-------- Material provided --------

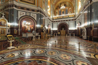 В кафедральных соборах, а также на архиерейское служение посреди церкви ставится еще амвон архиерейский, на котором архиереи облачаются и стоят при начале литургии, во время молебнов и при некоторых других церковных службах.
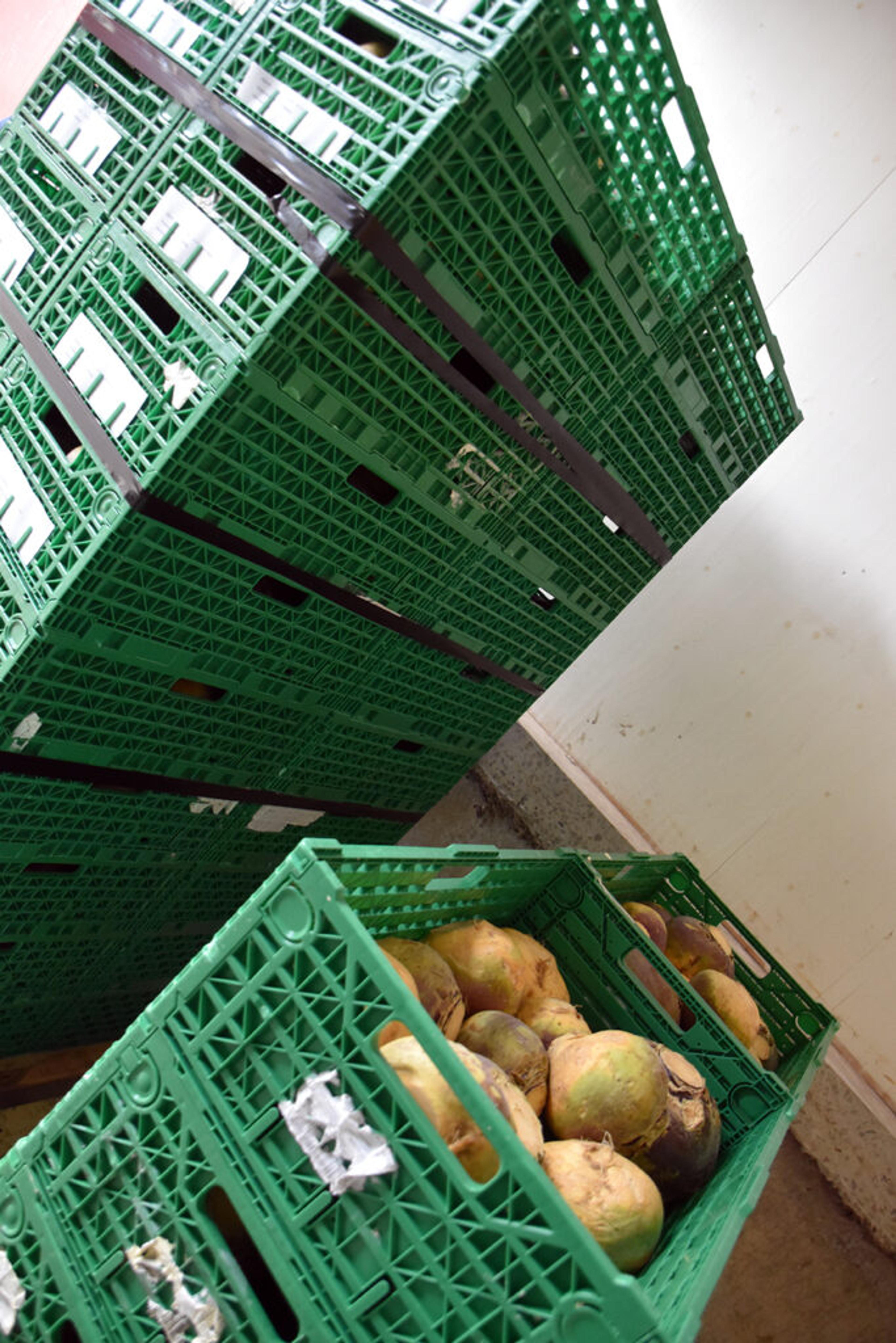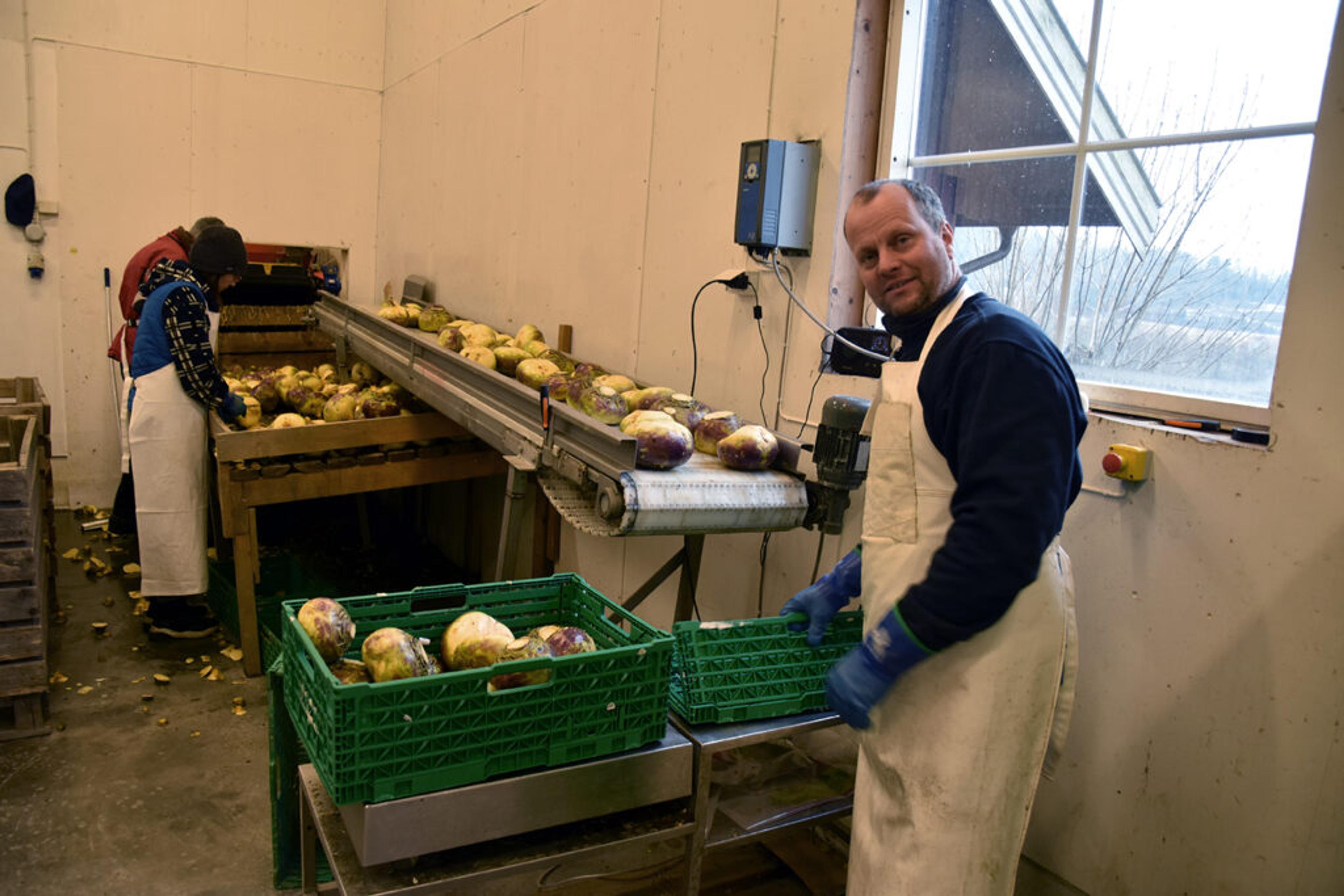 GJØR KLART TIL SALG: Kålrota dyrkes, lagres, vaskes, kvalitetskontrolleres, stables og pakkes helt klart til å legge i hylla på butikken – alt sammen står Paul Christen Eikeberg og hans folk på Hem gård i Undrumsdal for. Likevel får han bare litt under halvparten av det kålrota koster i butikken. Foto: Stian Ormestad.
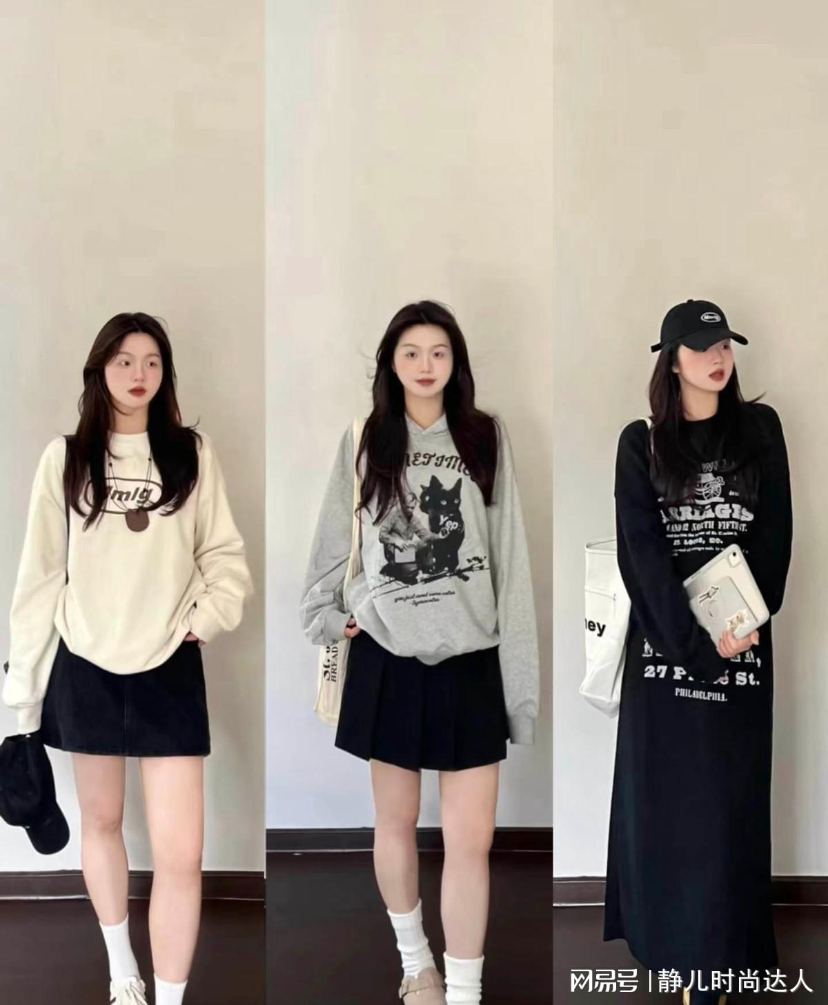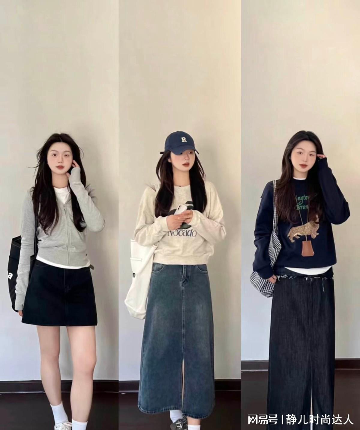 如果希望塑造出很极致的减龄的效果,可以采用卫衣和牛仔半身裙的搭配,卫衣体现出休闲的风格,穿起来舒适又没有约束感。牛仔裙展现出很青春的气息,也能对腿型进行简单的修饰。

--------

◆ **Problem to work on**
When you copy the data, keep every line exact and leave out each picture.

◆ **Output of the exercise**
 В кафедральных соборах, а также на архиерейское служение посреди церкви ставится еще амвон архиерейский, на котором архиереи облачаются и стоят при начале литургии, во время молебнов и при некоторых других церковных службах.
 GJØR KLART TIL SALG: Kålrota dyrkes, lagres, vaskes, kvalitetskontrolleres, stables og pakkes helt klart til å legge i hylla på butikken – alt sammen står Paul Christen Eikeberg og hans folk på Hem gård i Undrumsdal for. Likevel får han bare litt under halvparten av det kålrota koster i butikken. Foto: Stian Ormestad.
 如果希望塑造出很极致的减龄的效果,可以采用卫衣和牛仔半身裙的搭配,卫衣体现出休闲的风格,穿起来舒适又没有约束感。牛仔裙展现出很青春的气息,也能对腿型进行简单的修饰。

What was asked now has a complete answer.